The UK's National Physical Laboratory, which led the push for the new prefixes, confirmed that the resolution had passed in a statement.
The prefixes make it easier to express large amounts -- for example, always referring to a kilometre as 1,000 metres or a millimetre as one thousandth of a metre would quickly become cumbersome.
Since the SI was established in 1960, scientific need has led to a growing number of prefixes.

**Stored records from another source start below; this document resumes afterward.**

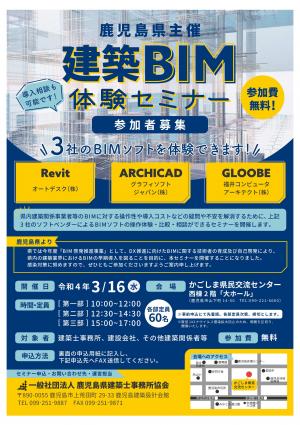 県では今年度「BIM啓発推進事業」として,DX推進に向けたBIMに関する技術者の育成及び自己啓発により,県内の建築業界におけるBIMの早期導入を図ることを目的に,本セミナーを開催します。感染対策に努めますので,ぜひともご参加ください。
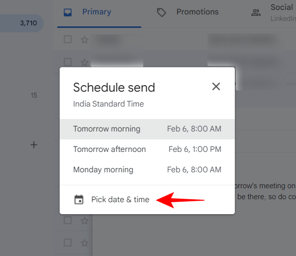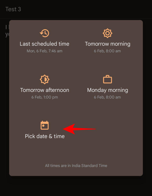 Choose from the available options. Or, if you want to pick a custom date/time, tap on Pick date & time.
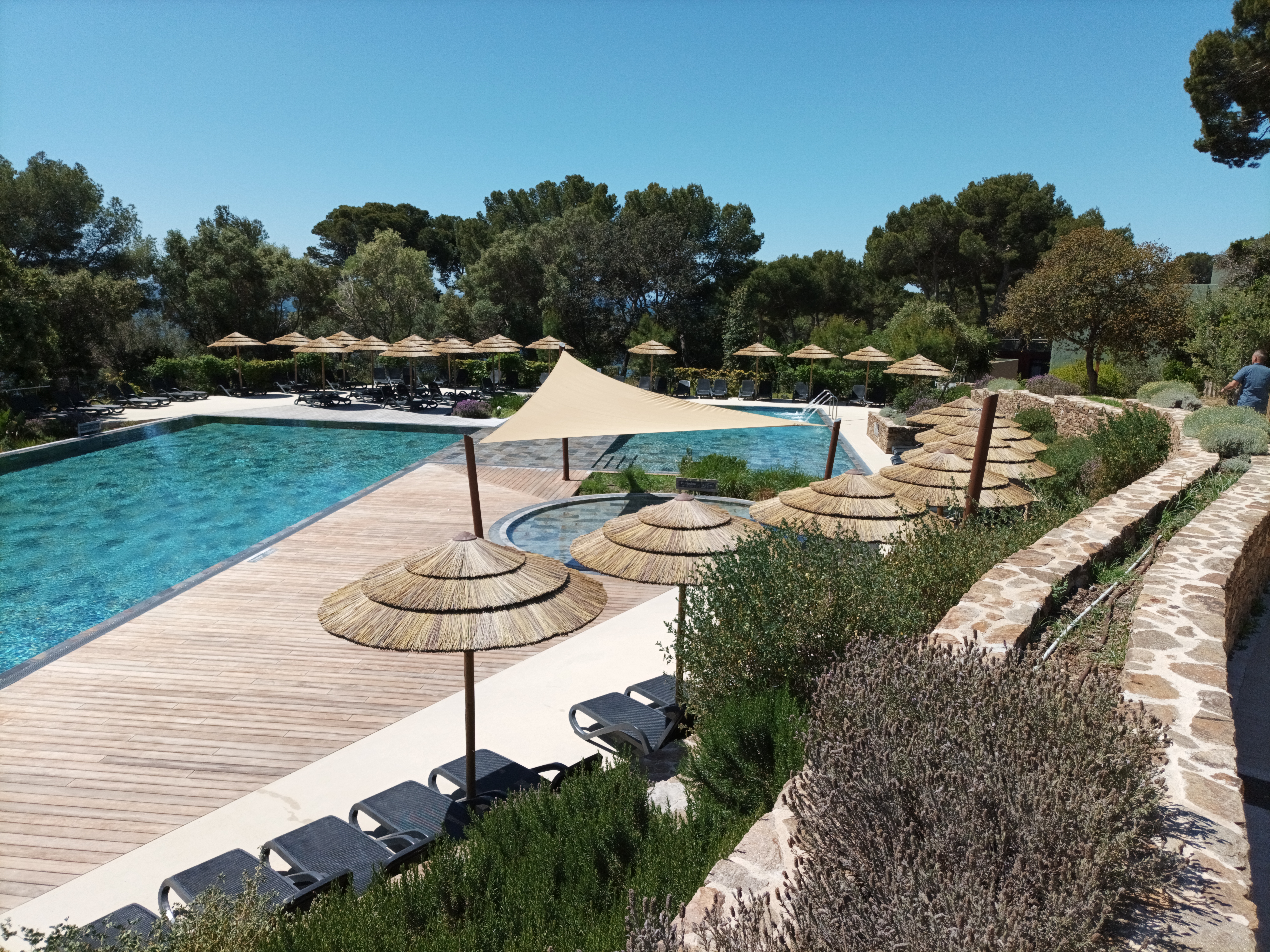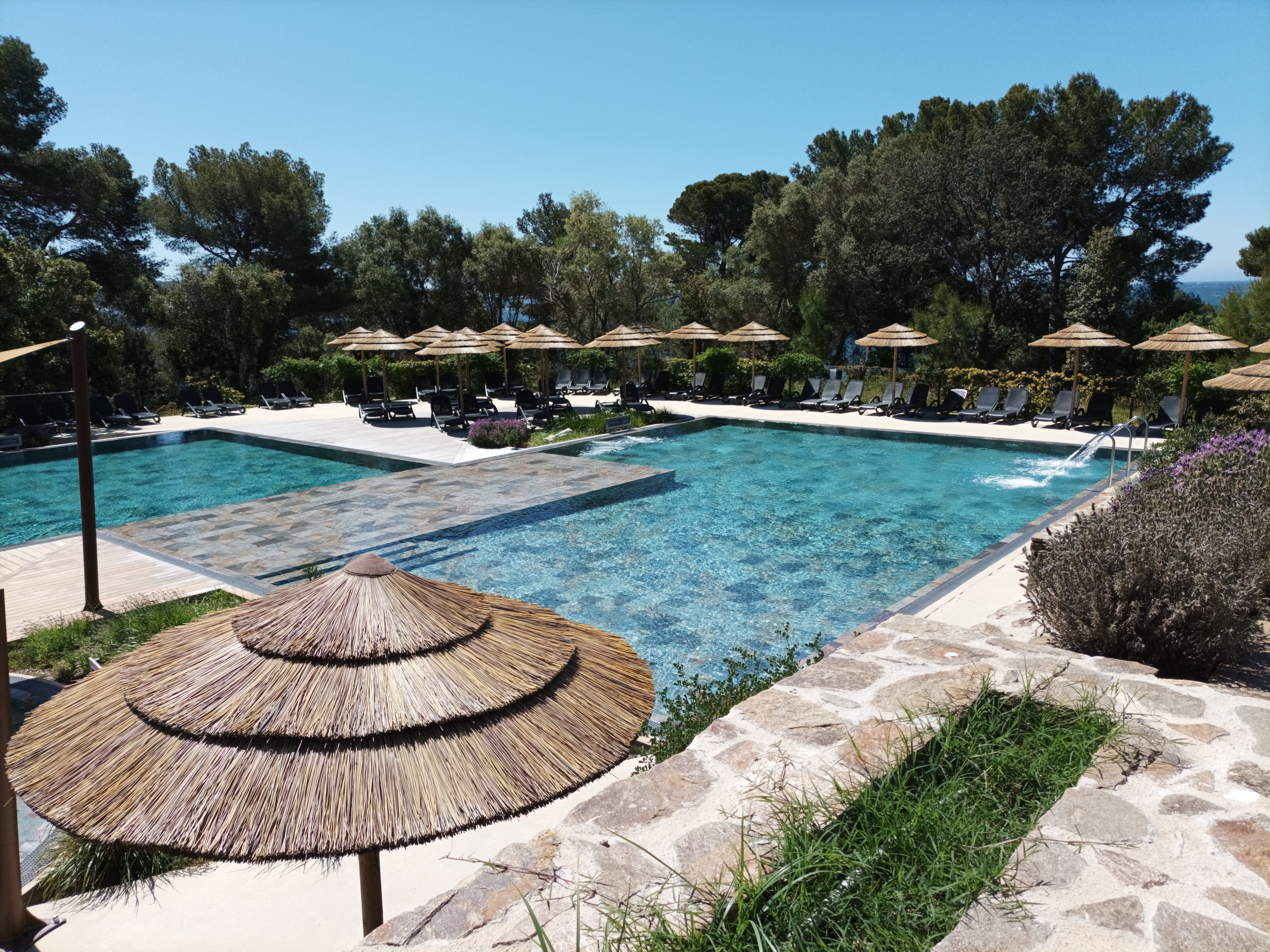 site exceptionnel avec de nombreuses criques et de petites balades aux alentours. Vue direct sur porquerolles et accès sans voiture jusqu’à embarcadère. Tout pour être au top … Seulement les logements vraiment pas à la hauteur… Litterie catastrophique (matelas vielliot de 10cm d’épaisseur ),aucune pression dans la douche et température intégrable, wifi et réseau inexistant dans la chambre (impossible d’être joignable à l’intérieur) Espace piscine magnifique mais très froide pour une piscine censée être chauffée Restauration et service très bon Dommage
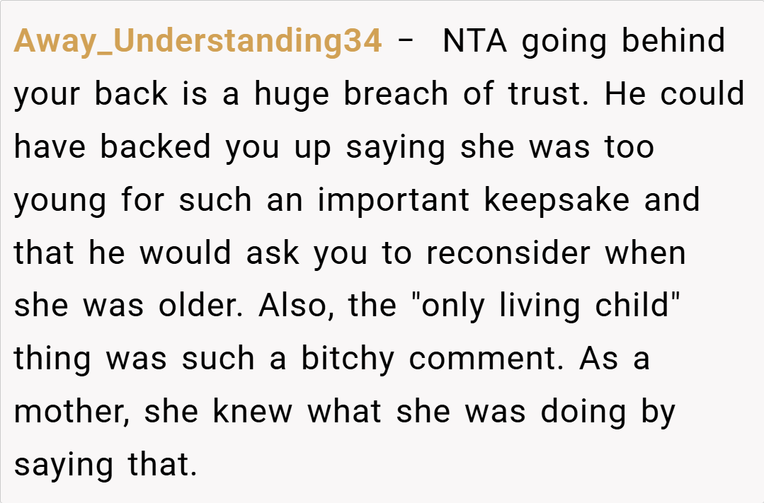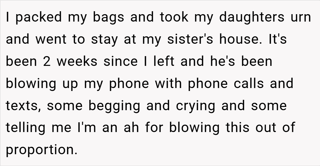When a partner disregards the sanctity of cherished memories, it can shake the very foundation of trust in a relationship. In this case, the loss of a beloved daughter was already an overwhelming burden, and the act of giving away her ashes without consent transformed personal grief into a public betrayal.
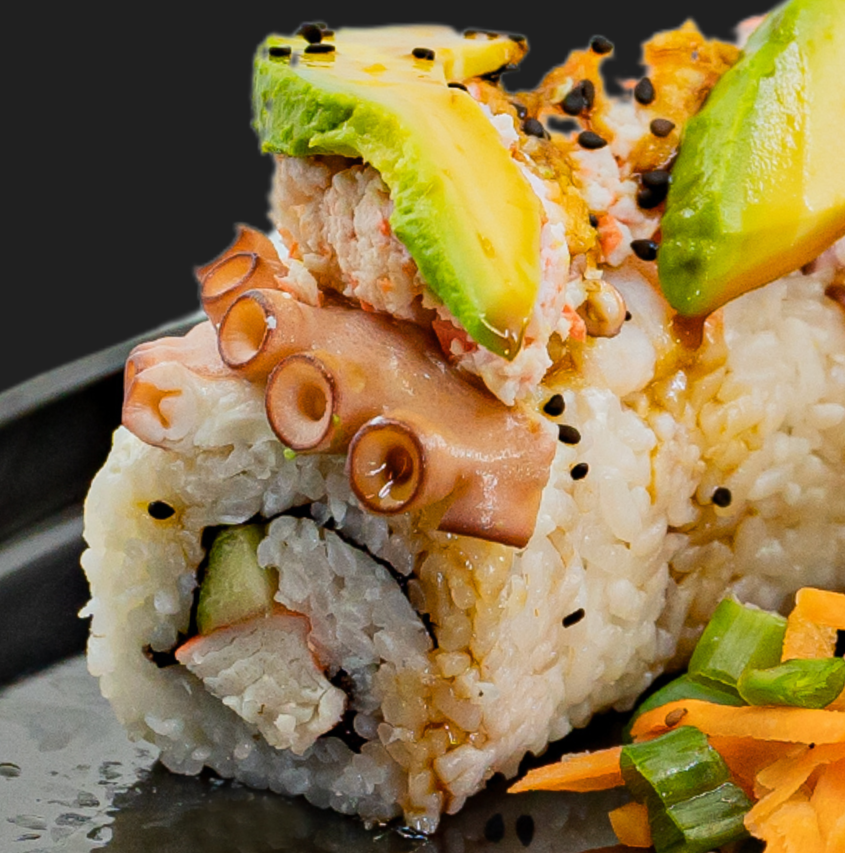 Surimi y pepino por dentro, philadelphia, camarón y pulpo por fuera, tampico, aguacate, anguila y ajonjolí encima.
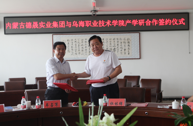 6月22日下午,学院党委副书记、院长牟占军赴内蒙古德晟实业集团洽谈产学研合作事宜。内蒙古德晟实业集团党委书记杜林祥出席签约仪式。牟占军与杜林祥分别代表校企双方签署了《产学研合作协议书》。

The last time was in 1991, when chemists wanting to express vast molecular quantities spurred the addition of zetta and yotta.
A yottametre is a one followed by 24 zeroes.
But even the mighty yotta is not enough to handle the world's voracious appetite for data, according to Richard Brown, the head of metrology at the UK's National Physical Laboratory.
"In terms of expressing data in yottabytes, which is the highest prefix currently, we're very close to the limit," Brown told AFP.
"At the bottom end, it makes sense to have a symmetrical expansion, which is useful for quantum science, particle physics -- when you're measuring really, really small things."
New weight of the world
The new prefixes can simplify how we talk about some pretty big objects.
"If we think about mass, instead of distance, the Earth weighs approximately six ronnagrams," which is a six followed by 27 zeroes, Brown said.
"Jupiter, that's about two quettagrams," he added -- a two followed by 30 zeros.
Brown said he had the idea for the update when he saw media reports using unsanctioned prefixes for data storage such as brontobytes and hellabytes. Google in particular has been using hella for bytes since 2010.
"Those were terms that were unofficially in circulation, so it was clear that the SI had to do something," he said.
However metric prefixes need to be shortened to just their first letter -- and B and H were already taken, ruling out bronto and hella.
"The only letters that were not used for other units or other symbols were R and Q," Brown said.
Convention dictates that the larger prefixes end in an A, and the smaller ones in an O.
And "the middle of the words are very, very loosely based on the Greek and Latin for nine and 10," Brown said.
The new prefixes should "future proof the system" and satisfy the world's need for higher numbers -- at least for the next 20 to 25 years, he added.